I probably wasn't clear in my original post though, as my main point was actually meant to be on the impact of the vision at the end on Elly, rather than suggesting the whole film was all in her head. We think she's escaped, but her torment continues (supernatural or otherwise). Like many horrors films before.

Mister Six

I dunno if it's torment though. Seeing her mum all the time is worrying because her mum is dead, so the assumption is that she's mentally unstable and having hallucinations. But the events of the film show that there is an afterlife and that she is capable of seeing both the past and spirits (although the two, presumably, are linked). So I guess maybe the coda is supposed to show her happily accepting that she's A-OK. Except that her mother's image has been supplanted in the mirror by Sandy. So... it's bad?

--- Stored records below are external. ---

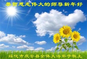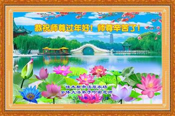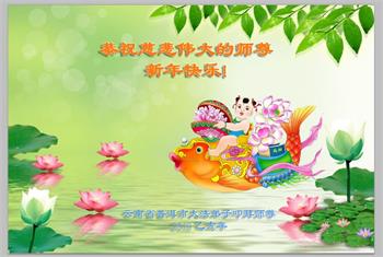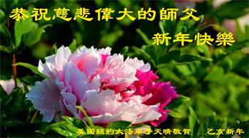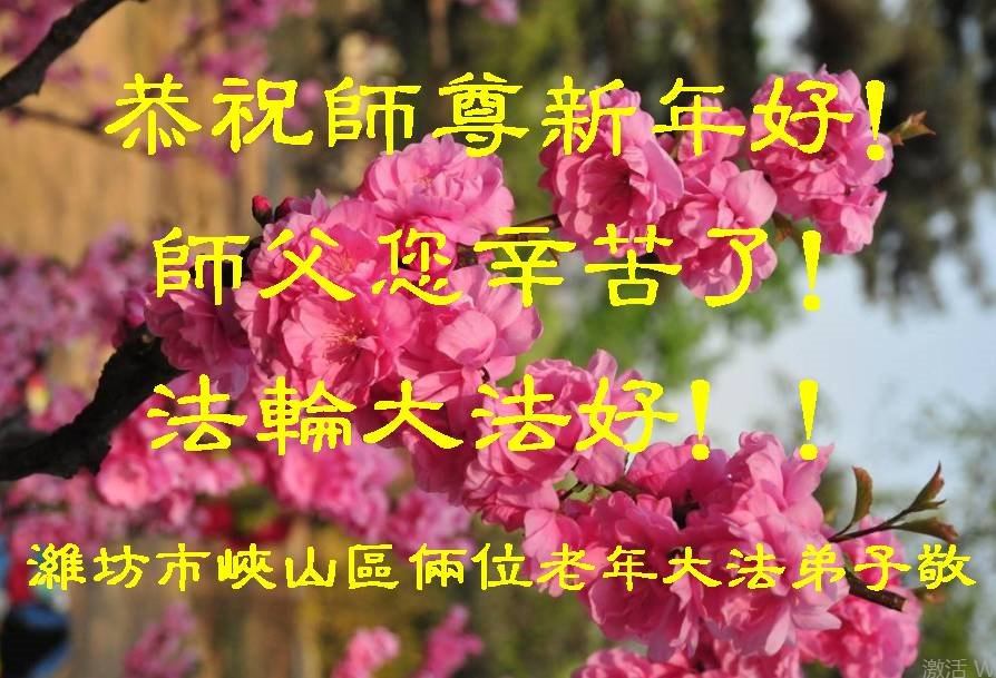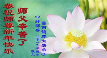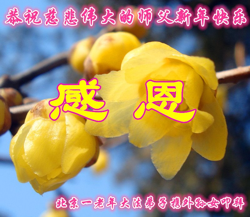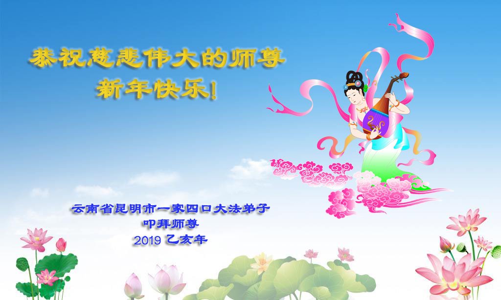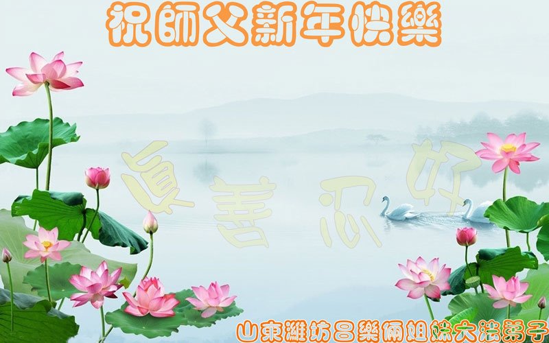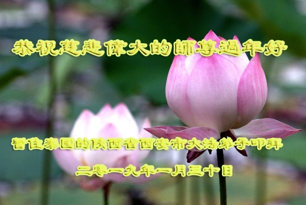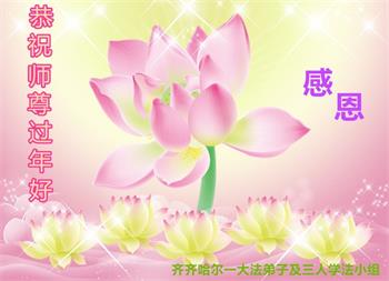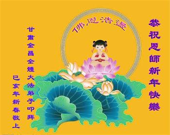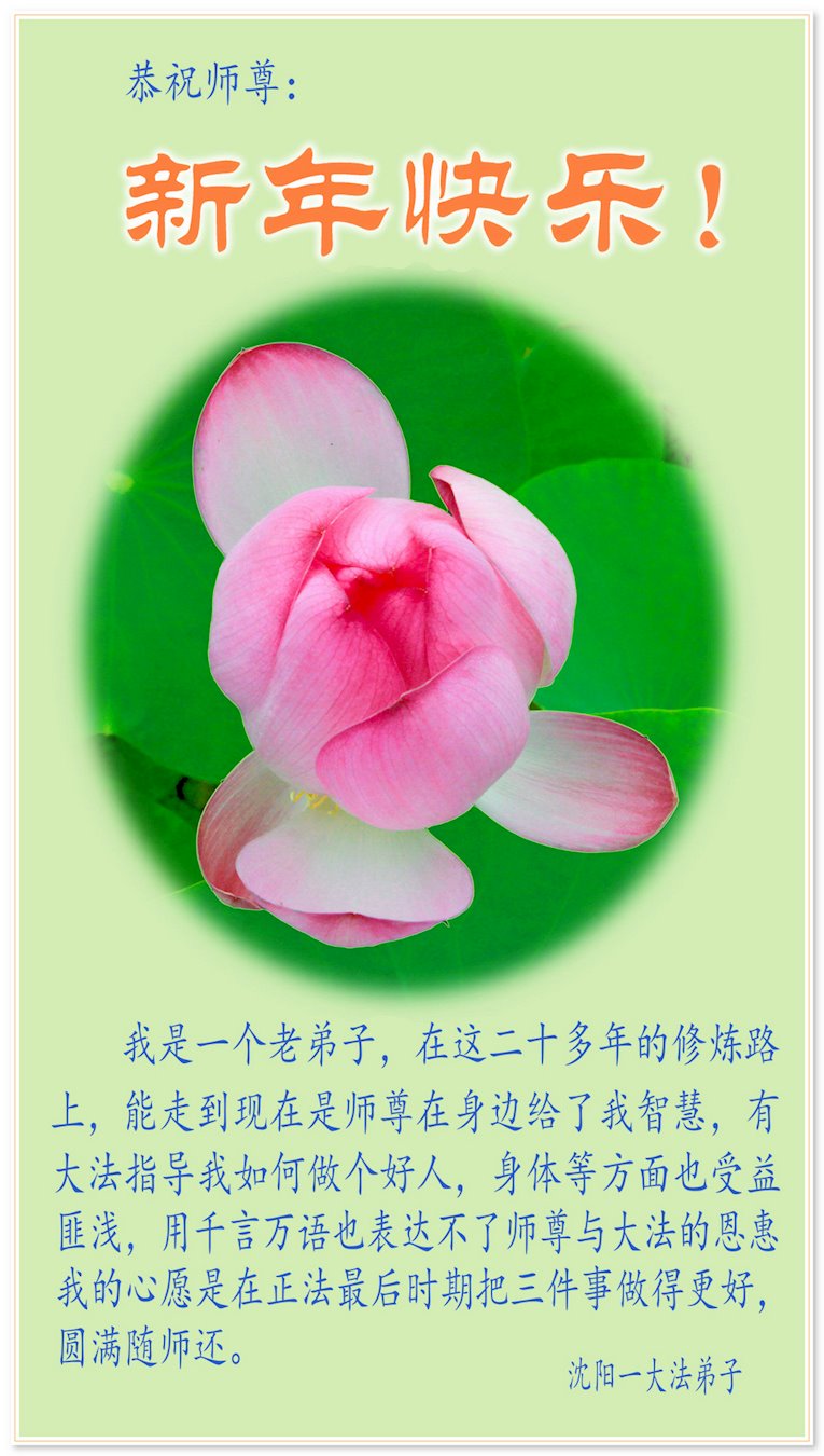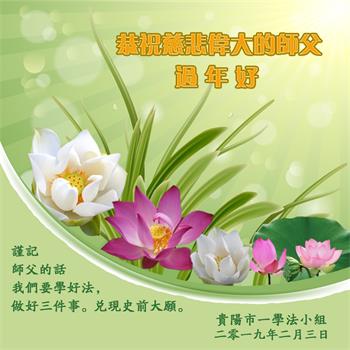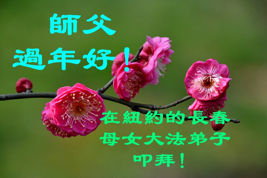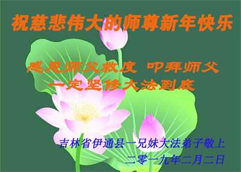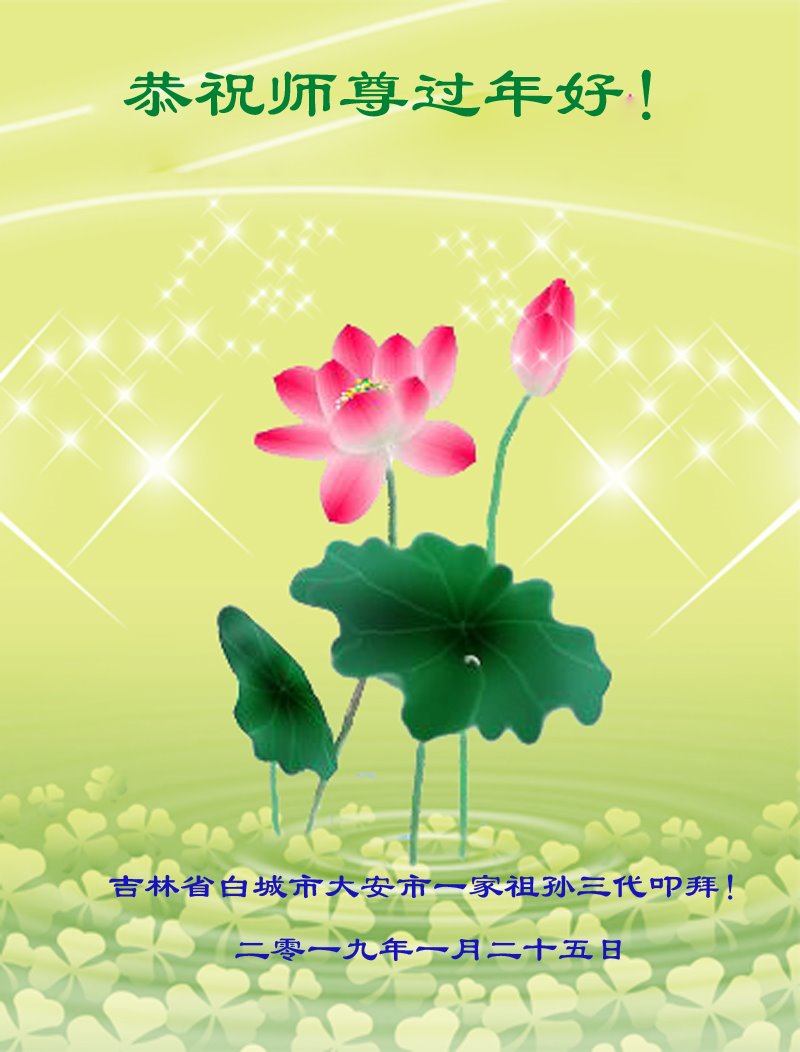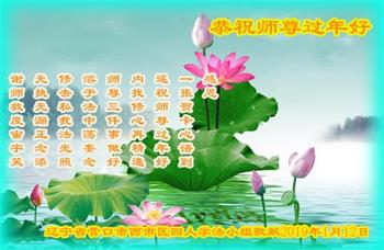 尊敬的师父:您好!在师尊救度苍穹无量众生、法正洪宇的伟大正法中,又一个中国新年来临了。值此辞旧迎新之际,法国大法弟子在无限感恩中向慈悲伟大的师父拜年!恭祝师父新年快乐!
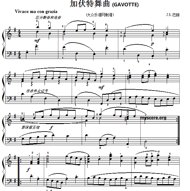 巴赫初级钢琴曲之二十一 加伏特舞曲 附演奏提示
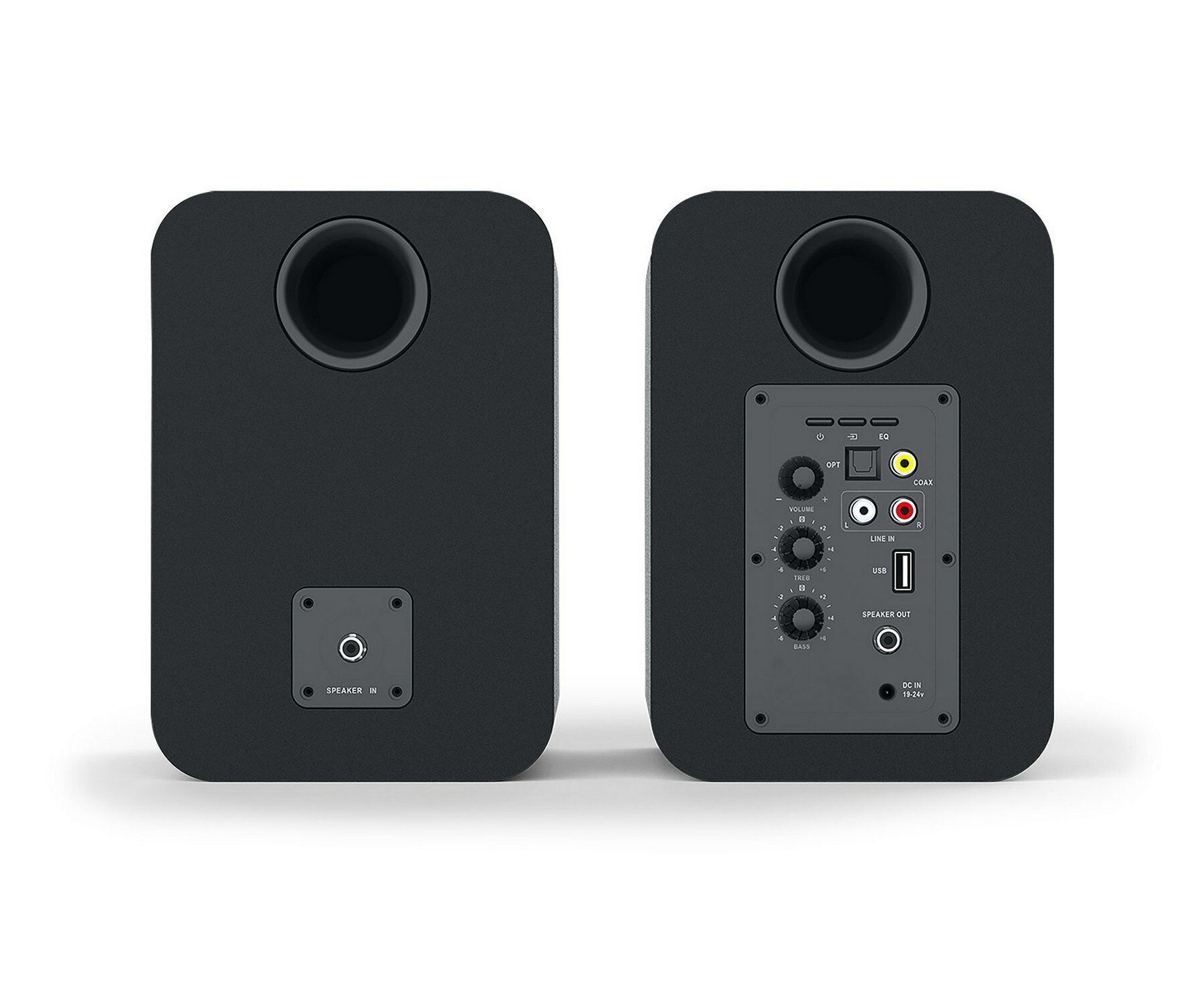 • Regelaars: volume, treble en bass

It's just impossible to tell, because the film doesn't establish enough about any of the characters or their situations for a conclusion to be drawn about what journey Elly has just been on.

Small Man Big Horse

#88
I really enjoyed this, perhaps I was in the right mood for it, but I thought it looked stunning, had a great soundtrack, and the performances were all superb too. Someone I know described it as a sort of 18 rated Doctor Who episode (and not because of Matt Smith's presence, I should stress) that was what it felt like to me, a really impressive ghost story with a strong central message about how certain men have treated women over the years.
Spoiler alert
I did think it was a bit of a shame it ended in a more traditional slasher flick kind of way, and I'm not sure the scene after Elouise being taken away in the ambulance was needed
[close]
, but I still liked it a lot overall. 8.2/10

Exposition

I enjoyed it quite a bit, but I'm not surprised by the sort of muted response to it. It's not one of Wright's best films - though visually I think it might be.